Git submodule recursive update not syncing submodule URLs makes the operation fail for commits updating the URLs

Git submodule recursive update not syncing submodule URLs makes the operation fail for commits updating the URLs

[Danoloan]

Hello all,

I've noticed that changing the URL of a submodule may break the
usefulness of git submodule update --recursive. For example, take a
commit A1 in the repo A that has a submodule B with the commit B1. In
commit A2, the URL of the submodule B is updated, and the commit is
updated too to commit B2. B2 is present in the new URL of B but not in
the old one. This is typical when the new URL may be a fork or a mirror
in another server.

Given this scenario, the following steps will fail:
  - Clone A
  - Check out A1
  - Init submodules and recursively update
  - Check out A2
  - git submodule update --recursive --force will fail

This is because B2 is not present in the URL of B configured in the
.gitmodules file of A2.

Do you think this use case should be fixed? I'm thinking that the
"sync" operation should be implied in the git submodule update. It can
be the default behaviour or a new option "--sync" could be added.

Thanks in advance for your attention & BR

Re: Git submodule recursive update not syncing submodule URLs makes the operation fail for commits updating the URLs

[Junio C Hamano]

Danoloan <danolo@danoloan.es> writes:

> the old one. This is typical when the new URL may be a fork or a mirror
> in another server.

Isn't the flip side of the same coin that you can sneak in a change
to .gitmodules in the superproject ("hey I have this neat fork of
the superproject at this other URL, please pull from me"), so that
it points at a malicious URL?  If the end-user is not given a chance
to inspect where the URL moved to and agree (or disagree) to switch
to that other URL, your "recursive" update will end up fetching from
an unverified URL into the submodule without anybody watching, no?

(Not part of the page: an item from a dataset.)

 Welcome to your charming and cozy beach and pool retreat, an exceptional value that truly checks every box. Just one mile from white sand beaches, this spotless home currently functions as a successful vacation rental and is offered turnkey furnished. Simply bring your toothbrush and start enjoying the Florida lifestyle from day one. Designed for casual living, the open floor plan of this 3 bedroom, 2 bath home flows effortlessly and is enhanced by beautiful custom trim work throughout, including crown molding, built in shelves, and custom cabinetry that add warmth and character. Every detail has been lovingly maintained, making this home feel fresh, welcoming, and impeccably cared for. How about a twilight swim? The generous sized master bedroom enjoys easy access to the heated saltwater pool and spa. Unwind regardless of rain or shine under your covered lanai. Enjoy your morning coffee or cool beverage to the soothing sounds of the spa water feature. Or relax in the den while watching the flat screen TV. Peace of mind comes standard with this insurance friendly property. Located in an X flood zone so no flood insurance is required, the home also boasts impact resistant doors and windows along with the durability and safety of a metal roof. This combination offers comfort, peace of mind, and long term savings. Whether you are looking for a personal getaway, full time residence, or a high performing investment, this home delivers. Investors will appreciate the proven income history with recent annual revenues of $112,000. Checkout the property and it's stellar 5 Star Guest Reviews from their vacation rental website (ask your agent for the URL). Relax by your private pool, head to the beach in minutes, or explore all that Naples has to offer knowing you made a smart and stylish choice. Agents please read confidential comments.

So, I suspect that it is working as a security measure that it does
not blindly sync.

Yes "git clone --recursive" may be looser, but I would actually
consider use of "--recursive" there as a security lapse.

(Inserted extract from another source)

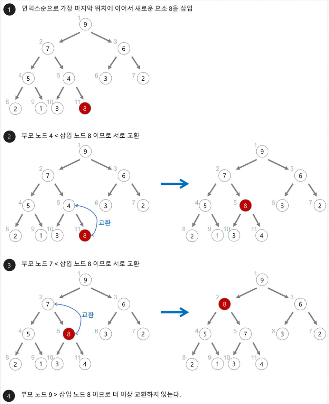 - n개의 노드에 대한 완전 이진트리를 구성하고 최대 힙을 구성한다.

Re: Git submodule recursive update not syncing submodule URLs makes the operation fail for commits updating the URLs

[Danoloan]

Thanks for the response. To be honest, I didn't even think of that
possibility, so thanks for the clarification.

The main problem with the current implementation is that there is no
way of doing a recursive update in this scenario even when servers may
be trusted. So the end-user may be able to investigate the failure,
eventually discover the root cause being the URL change, then choose
whether to sync and re-run the update. But thus the "--recursive"
functionality remains broken.

Could trusted servers be configured in some other way instead? Maybe in
the gitconfig, similar to how the file:// protocol may be (un)allowed?
Or something similar to SSH's known_hosts? Of course, that would only
make sense if the "--recursive" functionality is meant to be supported
in this case.

Thanks & BR


El mié, 05-06-2024 a las 10:32 -0700, Junio C Hamano escribió:
> Danoloan <danolo@danoloan.es> writes:
> 
> > the old one. This is typical when the new URL may be a fork or a
> > mirror
> > in another server.
> 
> Isn't the flip side of the same coin that you can sneak in a change
> to .gitmodules in the superproject ("hey I have this neat fork of
> the superproject at this other URL, please pull from me"), so that
> it points at a malicious URL?  If the end-user is not given a chance
> to inspect where the URL moved to and agree (or disagree) to switch
> to that other URL, your "recursive" update will end up fetching from
> an unverified URL into the submodule without anybody watching, no?
> 
> So, I suspect that it is working as a security measure that it does
> not blindly sync.
> 
> Yes "git clone --recursive" may be looser, but I would actually
> consider use of "--recursive" there as a security lapse.